CHASE: “Well, as a kid who wanted to be a drummer, music has always been my first love, and the whole British Invasion of the ‘60s — The Beatles, Stones, The Who and so on — was like my window on the world for everything from politics and fashion to art and humor. It was during that era that pop music evolved into an art form and for the first time it hit me that rock music could be real art, and that maybe I could become an artist. So the use of music and sound effects has always been of crucial importance to me. 

“For a long time, I’ve always done a lot of my conceptual thinking while listening to music — mainly rock and blues, so it starts right there. When I first got into TV, my whole basis for anything was dialogue, because I was skilled at it, and TV back then was pretty primitive visually. Then Michael Mann came along, and for me was the first person to focus more on the cinematic side of a story.  That really impressed me, and then you had David Lynch and Twin Peaks, and his great use of music and sound, and all that changed the whole TV landscape for me.”

POST: Did you do a DI?
CHASE: “At Deluxe. But I didn’t get too involved because of my color-seeing problems.”

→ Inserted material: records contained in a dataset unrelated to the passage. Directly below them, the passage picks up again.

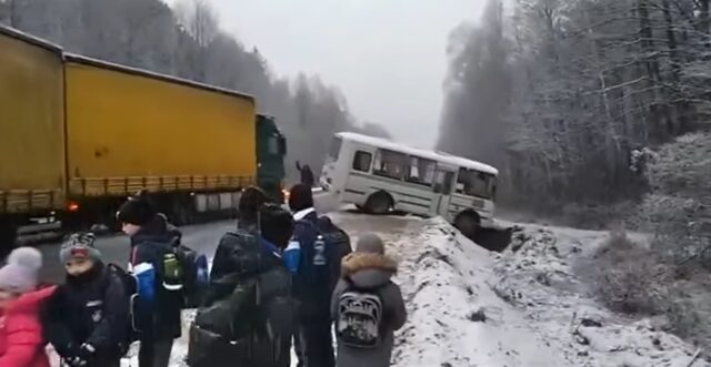 Діти зняли відео з коментарями “Отак ми й добираємося до хати”. Відео виклали в у Фейсбук. На ньому видно, як вантажівка витягує автобус із кювету.
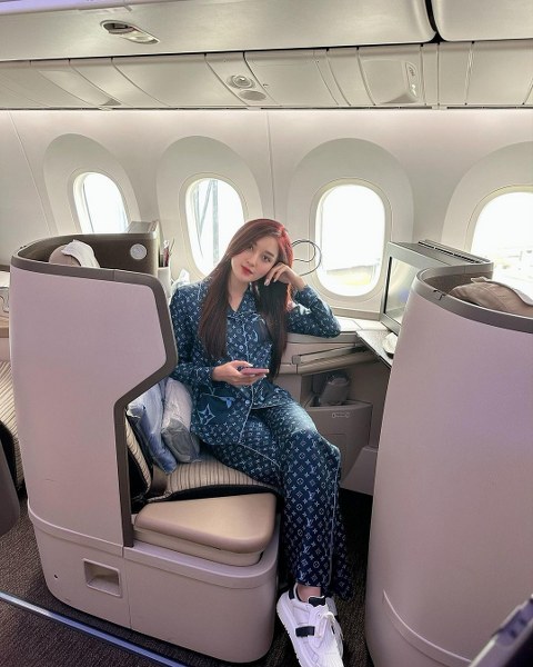 Ngoài bộ của Dior, Huyền My còn có đồ ngủ của Louis Vuitton giá hơn 4.250 USD (gần 100 triệu đồng), được cô diện ra sân bay cùng sneakers.
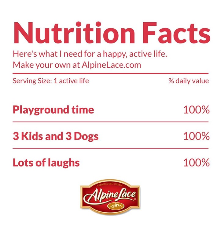 You can share your life ingredients and favorite adventure by creating a Nutrition Label at Alpine Lace.
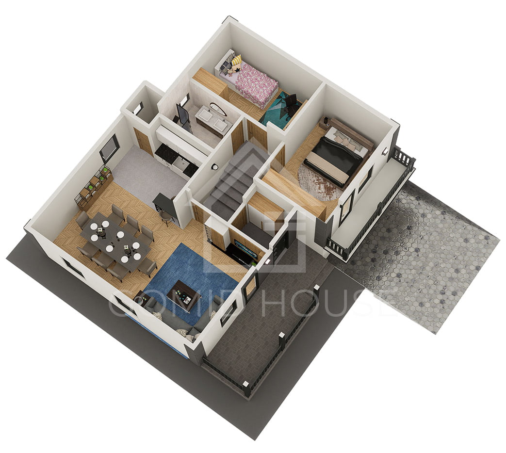 Ova kuća spaja eleganciju s praktičnošću na način koji će vas osvojiti već pri prvom pogledu. S ukupno 86 kvadrata prostora, ovo je dom koji kombinuje prostranost s prekrasnim dizajnom.
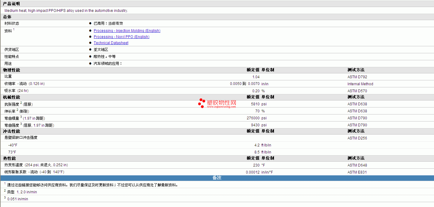 | 机械性能 | 额定值 | 单位制 | 测试方法 |
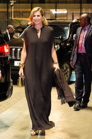 Ce mercredi 19 mars, le couple royal néerlandais a organisé une soirée en l'honneur du président William Ruto à l'hôtel Marriott de Nairobi. Un événement au cours duquel Maxima des Pays-Bas est apparue sublime dans une longue tunique chocolat, comprenant un mini masque tribal en guise de collier. Et c'est auprès de Valentino que la reine a déniché cette pièce parfaite pour l'occasion. Avec, elle avait misé sur des accessoires dorés, dont un mini sac à main, des sandales à plateformes, un bracelet manchette et de larges boucles d'oreilles, apportant immédiatement de la lumière à toute la tenue.
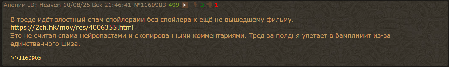 Вообще раньше за спойлеры к еще не вышедшим фильмам банили я так лично за спойлеры к лонглегс бан словил. Что изменилось сейчас, спрашивается, особенно когда спойлеры в виде полноценного вайпа?
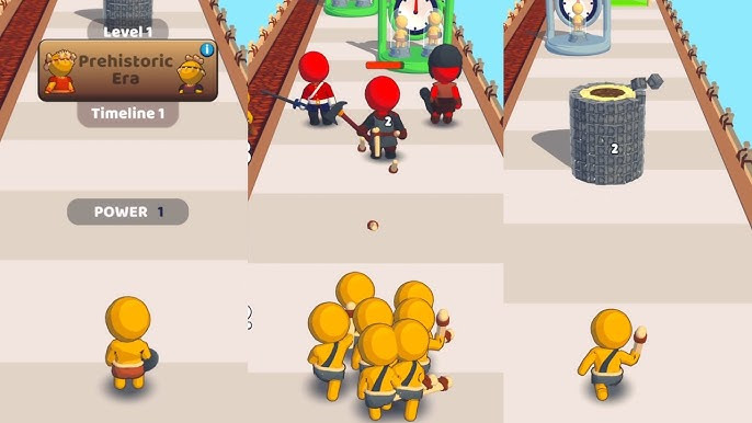 Timeline Up - Маневруйте, стріляючи в перешкоди та ворота, збирайте нових союзників і зміцнюйте свою команду. Чим більше людей у вашій команді, тим потужнішою вона стає. Покращуйте здібності, залучайте нових учасників і рухайтеся вперед, щоб відкривати нові епохи та впливових персонажів.
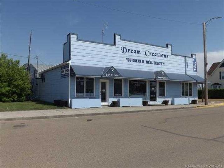 Looking for a building with an ideal location? Located on a corner lot on 881 and 51 ave. in Hardisty. This building has 4838 sq ft of space for your business. With a location like this and space there is a multitude of business that would be we suited for this space. Also ample space for even a couple businesses. The store font area is a beautiful area with large windows. There is a large walk in cooler with glass sliding doors which was part of the pre existing flower shop. Two bathrooms and a large over head door at grade level which is perfect for large freight orders. The business was previously operated as sign/promotional item shop and previous to that it was an oilfield supply store. There is also a vacant lot that can be purchased separately . Should you wish to open a sign/ promotional business the seller would consider selling equipment.
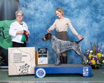 Charlie is our pick male from our 2022 Louie X Halle Litter. He displayed the conformation we were looking for from an early age. Charlie has had a very successful show career. He was the first in the litter to finish his championship at just 9 months of age going breed from the bred by class! He quickly earned his GCH and is currently working towards his GCH Bronze. Charlie has earned multiple Best of Opposite in Specialty shows with his owner Denise. He earned his Junior hunter with ease and is currently in training for Master Hunter with his first tests planned for 2024. Charlie has the natural bird drive and trainability any hunter would love to have. He has a great nose, a natural steady and stylish point, and a natural retrieve. His desire to please has made training for obedience, rally and hunt tests easy. Charlie has earned his rally excellent title and is working towards his RAE and RM as well as obedience titles.
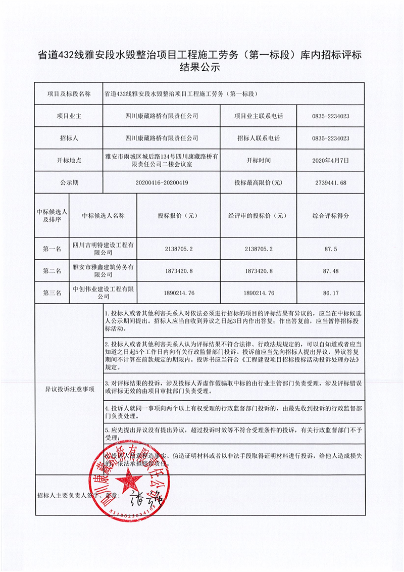 四川康藏路橋有限責(zé)任公司省道432線雅安段水毀整治項(xiàng)目工程施工勞務(wù)(第一標(biāo)段)庫(kù)內(nèi)招標(biāo)評(píng)標(biāo)結(jié)果公示

POST: Did the film turn out the way you originally envisioned it while writing the script?
CHASE: “It changed a lot from the original idea, which I first had years ago…before The Sopranos. But the film’s last section, which takes place at 4am on Sunset Boulevard, turned out exactly how I’d pictured it.”

POST: Are you a fan of digital?
CHASE: “I am now.”

POST: Is film dead?
CHASE: “Not yet.”

POST: What’s next?
CHASE: “I don’t have anything lined up. I had this idea for about 20 years that I wanted to make, and suddenly there’s another film coming out with the same concept, which is very disheartening.”

POST: Would you consider directing another TV series?
CHASE: “Not a regular TV series. I’d do movies for TV or a miniseries, but I’d like to focus on movies more now.”